Beberapa pelayan tidak bisa tidur nyenyak di tengah malam setelah mereka melihat Boneka Vudu yang berdarah. Jeritan mereka membuat takut orang-orang di sebelah, saat mereka menggigil di bawah selimut mereka. Kemudian, Selir Junior Xu meninggal; Tuan Muda Pertama ditendang; Marquis pergi dengan marah; Nyonya Pertama pingsan setelah Nyonya Janda menghukumnya dengan memaksanya berlutut. Semuanya tampak aneh.

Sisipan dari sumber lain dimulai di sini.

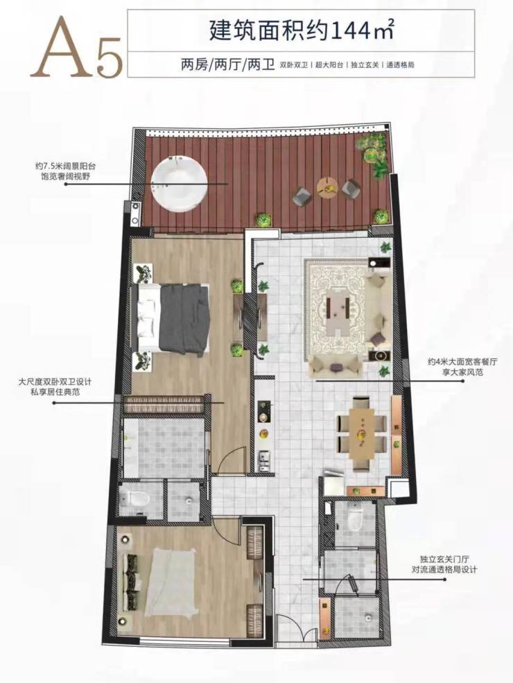 A5户型约144平方米 两房两厅两卫

Bagaimana Marquis bisa mengalahkan Tuan Muda Sulung? Dan mengapa Nyonya Janda ingin mencekik Nyonya Pertama? Mungkin itu karena Lord Protector’s Manor dihantui. Beberapa orang memikirkan kejadian di Cloud Reflection Courtyard. Tampaknya Nona Muda telah meninggal karena alasan yang tidak diketahui. Yang lebih buruk, Selir Ma juga menghilang tanpa jejak.
Hal semacam ini tidak boleh terlalu dipikirkan. Semakin dia memikirkannya, semakin dia merasa takut. Tampaknya ada sesuatu yang menggantung di atas Lord Protector’s Manor. Semua pelayan gemetar ketakutan. Tidak ada yang mau keluar setelah malam tiba.

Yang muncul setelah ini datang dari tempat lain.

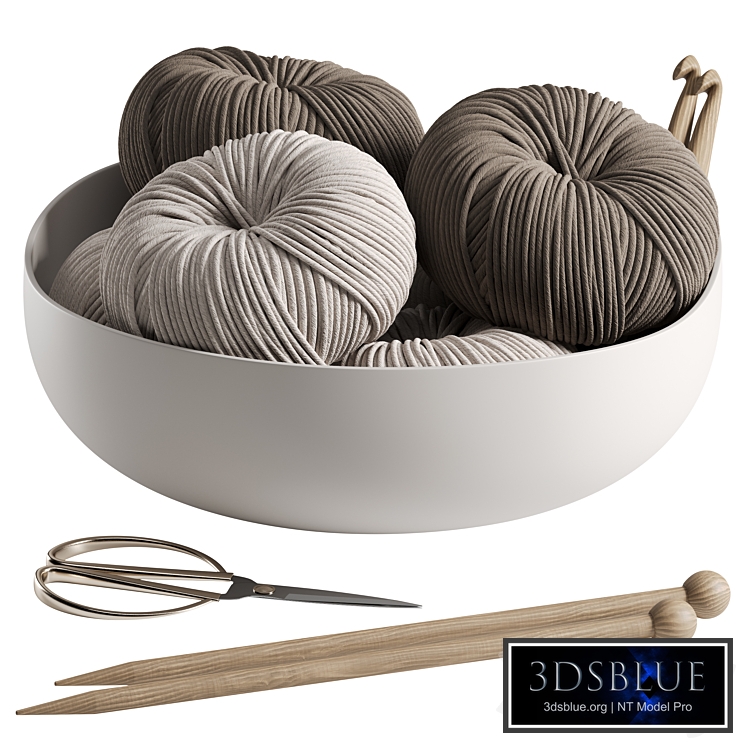 Decorative knitting kit • yarn for knitting • storage bowl • crochet hooks • knitting needles • small sewing scissors Units: mm Polys: 244,996 Verts: 122,638 The model is made for smoothing Turbosmooth enabled in Render Iteration mode - 2 In the archive: version 3dsmax 2016 (corona/vray) + FBX + matlib + maps Corona Version - CoronaLegacyMtl Materials V-Ray version - materials obtained with V-Ray-converter All objects, textures and materials have logical names #089

Seseorang mengetuk pelan pintu di Halaman Qingrong, dan pintu belakang terbuka tanpa suara. Pelayan cantik yang memegang lentera melihat Ling Yi, yang berdiri di luar pintu, keluar dengan tergesa-gesa untuk menyambutnya, “Nak, kamu akhirnya di sini. Silakan masuk!”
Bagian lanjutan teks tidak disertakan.